Be it enacted by the Senate and House of Representatives of the United States of America in Congress assembled, SECTION 1. SHORT TITLE.

This Act may be cited as the ``Accelerating Access to Critical Therapies for ALS Act''. SEC. 2. GRANTS FOR RESEARCH ON THERAPIES FOR ALS.

(a) In General.--The Secretary of Health and Human Services (referred to in this section as the ``Secretary'') shall award grants to participating entities for purposes of scientific research utilizing data from expanded access to investigational drugs for individuals who are not otherwise eligible for clinical trials for the prevention, diagnosis, mitigation, treatment, or cure of amyotrophic lateral sclerosis. In the case of a participating entity seeking such a grant, an expanded access request must be submitted, and allowed to proceed by the Secretary, under section 561 of the Federal Food, Drug, and Cosmetic Act (21 U.S.C. 360bbb) and part 312 of title 21, Code of Federal Regulations (or any successor regulations), before the application for such grant is submitted.

(b) Application.--

(1) In general.--A participating entity seeking a grant under this section shall submit to the Secretary an application at such time, in such manner, and containing such information as the Secretary shall specify.
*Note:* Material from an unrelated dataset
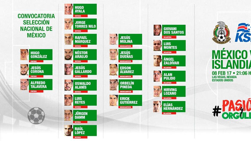 Con un combinado de nuevos llamados y algunos regresos, el estratega de la Selección Mexicana, Juan Carlos Osorio, anunció su lista de convocados para enfrentar el próximo 8 de febrero a su similar de Islandia en Las Vegas, Nevada.

(2) Use of data.--An application submitted under paragraph (1) shall include a description of how data generated through an expanded access request under section 561 of the Federal Food, Drug, and Cosmetic Act (21 U.S.C. 360bbb) with respect to the investigational drug involved will be used to support research or development related to the prevention, diagnosis, mitigation, treatment, or cure of amyotrophic lateral sclerosis.

(3) Noninterference with clinical trials.--An application submitted under paragraph (1) shall include a description of how the proposed expanded access program will be designed so as not to interfere with patient enrollment in ongoing clinical trials for investigational therapies for the prevention, diagnosis, mitigation, treatment, or cure of amyotrophic lateral sclerosis.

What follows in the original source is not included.